Hacker News new | ask | show | jobs
by StillBored 1950 days ago
NFS is notorious for breaking kernel and application assumptions about posix. Linux falls into this trap in various ways too in an effort to simplify the common cases. Timeouts might be appropriate for read/open/etc calls but in a way the problems are worse on the write/close/etc side.

Reading the close() manpage hints at some of those problems, but fundamentally posix sync file io isn't well suited to handling space and io errors which are deferred from the originating call. Consider write()'s which are buffered by the kernel but can't be completed due to network or out of space consideration. A naive reading of write() would imply that errors should be immediately returned so that the application can know the latest write/record update failed. Yet what really happens is that for performance reasons the data from those calls is allowed to be buffered. Leading to a situation where an IO call may return a failure as a result of failure at some point in the past. Given all the ways this can happen, the application cannot accurately determine what was actually written, if anything, since the last serialization event (which is itself another set of problems).

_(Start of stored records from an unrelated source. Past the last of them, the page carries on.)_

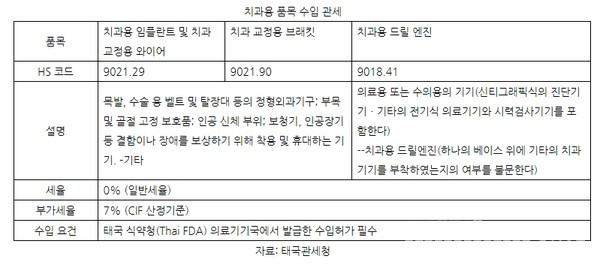 태국 내 치과용 임플란트 기구, 교정용 브래킷, 치과용 드릴 등을 수입할 경우 수입관세가 0% 이므로 부가세로 CIF의 7%만 납부하면 된다. 그러나 제품 수입에 앞서 태국 식약청을 통한 의료기기 수입업자 등록 및 일반 의료기기에 준하는 제품 등록(인증)을 거쳐야 한다.
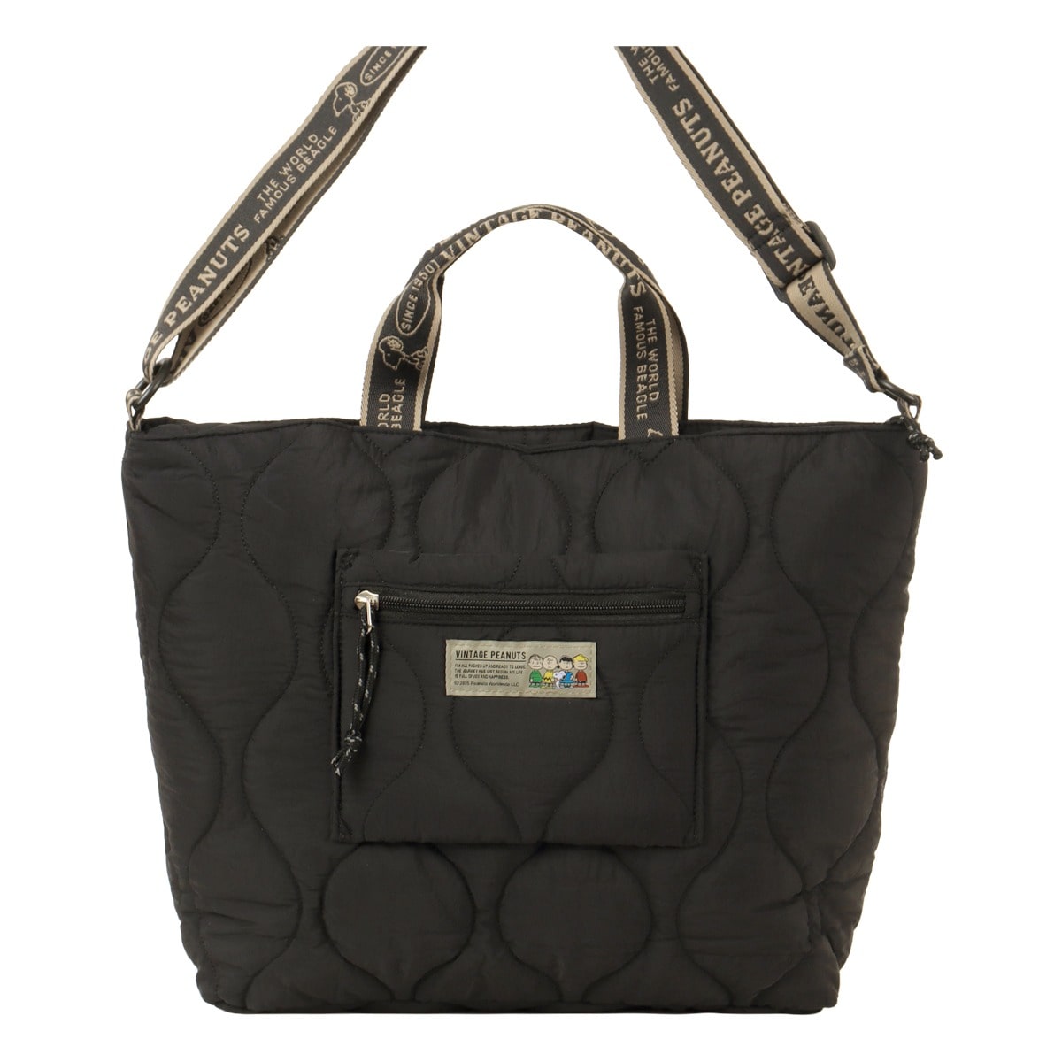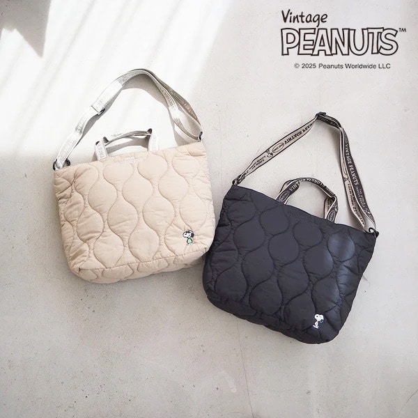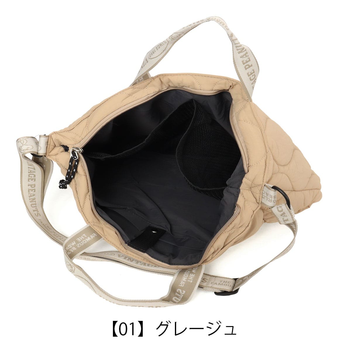 - > SNOOPY スヌーピー キルティング キャリーオン トートバッグ ショルダーバッグ 2way A4 13インチ 40808 PEANUTS ピーナッツ 刺繍 軽量 大きめ PC 1泊2日 旅行 通学 グレージュ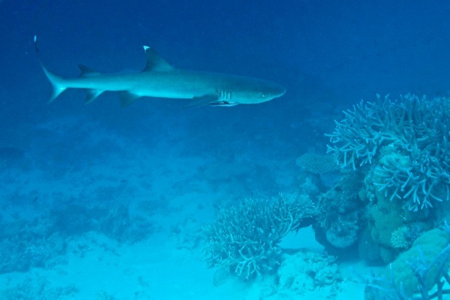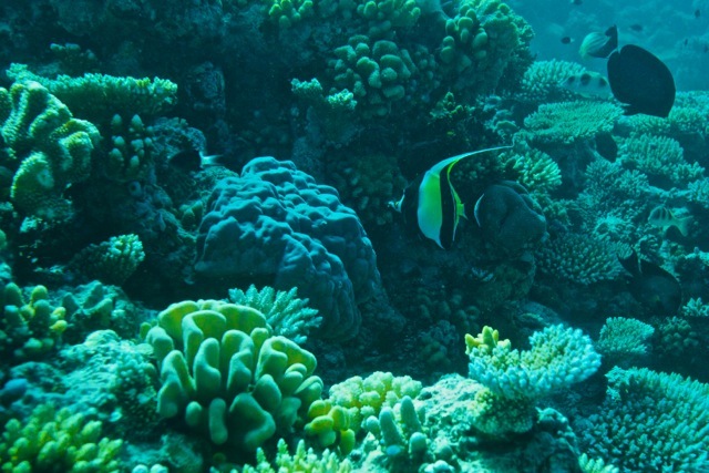 Yippee skippee! Today we reached the Great Barrier Reef, the world’s largest reef system, and the day was filled with opportunities to go snorkeling, diving or out in the glass-bottom zodiac. Mike and I went snorkeling in the morning and it was quite incredible! The multi-colored corals were a marvelous sight, as were the equally colorful fish that inhabit them. I am including a couple of photos taken by Mark Thiessen, the NG photographer. The first shows a beautiful Moorish Idol fish and the second is of a White-tipped Reef Shark. You can’t get a feel for the true colors of the coral, but you can see a sampling of the variety.
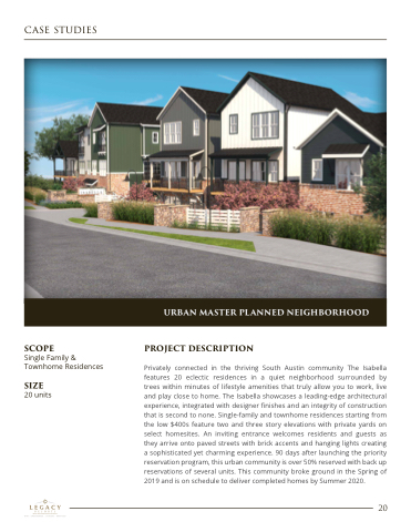 Privately connected in the thriving South Austin community The Isabella features 20 eclectic residences in a quiet neighborhood surrounded by trees within minutes of lifestyle amenities that truly allow you to work, live and play close to home. The Isabella showcases a leading-edge architectural experience, integrated with designer nishes and an integrity of construction that is second to none. Single-family and townhome residences starting from the low $400s feature two and three story elevations with private yards on select homesites. An inviting entrance welcomes residents and guests as they arrive onto paved streets with brick accents and hanging lights creating a sophisticated yet charming experience. 90 days after launching the priority reservation program, this urban community is over 50% reserved with back up reservations of several units. This community broke ground in the Spring of 2019 and is on schedule to deliver completed homes by Summer 2020.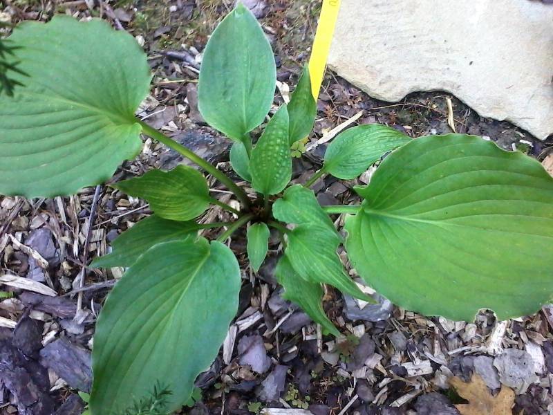 Rozmiar:M/L wysokość 45-55cm Liście: duże, sercowate; niebiesko-szaro-zielone z pofalowanym brzegiem i białym spodem Kwiaty: lawendowe w lipcu/sierpniu Zalecane stanowisko: najlepiej półcień, toleruje poranne słońce Uwagi: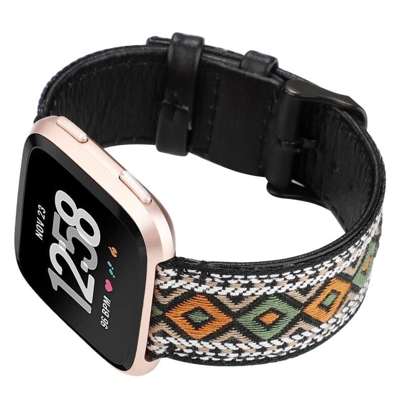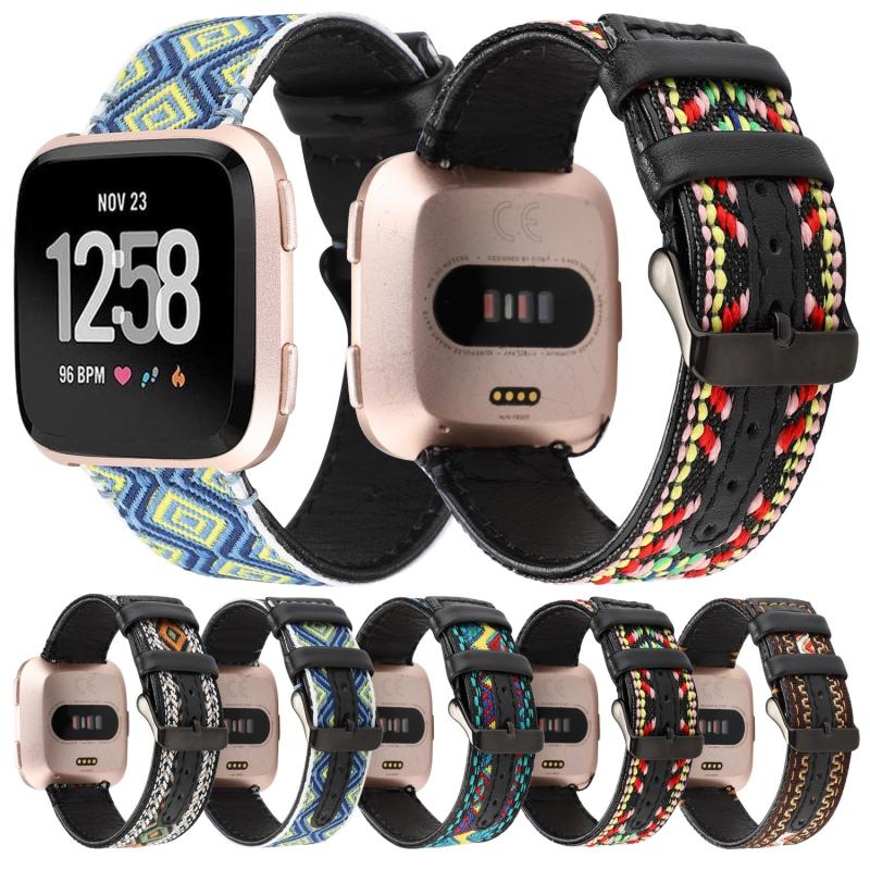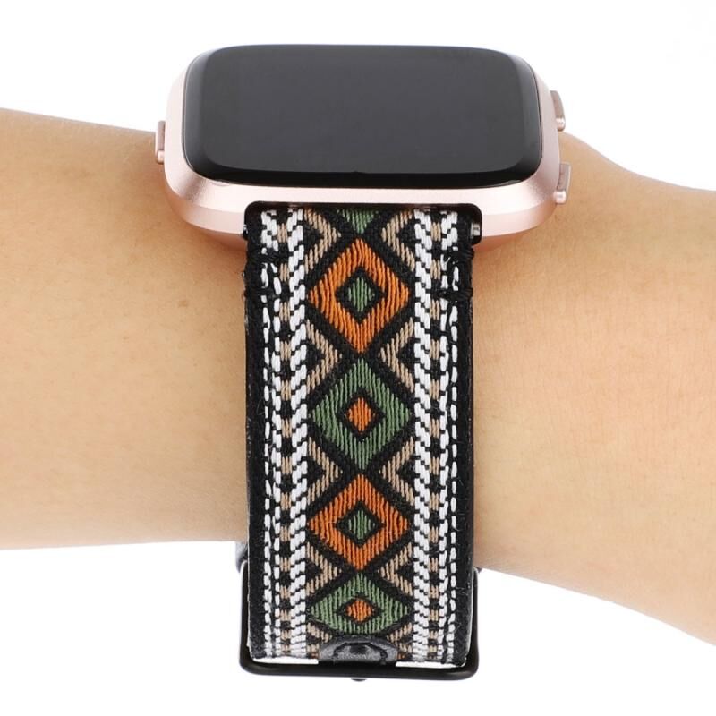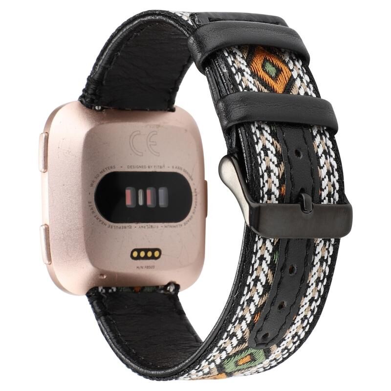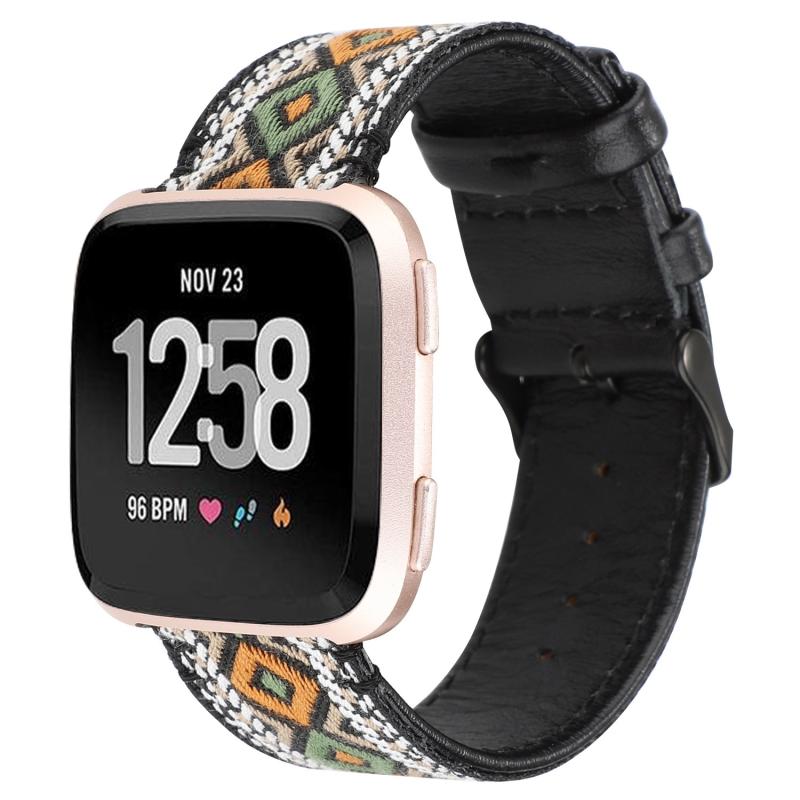 For Fitbit Versa Ethnic Style Genuine Leather Watch Band(Retro)

edit: this also gets into the ugly case about the state of the fd being unspecified (per posix) following close failures. So per posix the correct response is to retry close(), while simultaneously assuring that open()s aren't happening anywhere. Linux simplifies this a bit by implying the FD is closed, but that has its own issues.

1 comments

I understand the reasoning, but at the same time wonder if this isn't perfect being the enemy of good? Since there is no case where a timeout/error style exit can be guaranteed to never lose data we instead lock the entire box up when a NFS server goes AWOL. This still causes the data to be lost, but also brings down everything else.
Well, soft mounts should keep the entire machine from dying, unless your running critical processes off the NFS mount. Reporting/debugging these cases can be fruitful.

OTOH, PXE/HTTPS+NFS root is a valid config, and there isn't really anyway to avoid machine/client death when the NFS goes offline for an extended period. Even without NFS linux has gotten better at dealing with full filesystems, but even that is still hit or miss.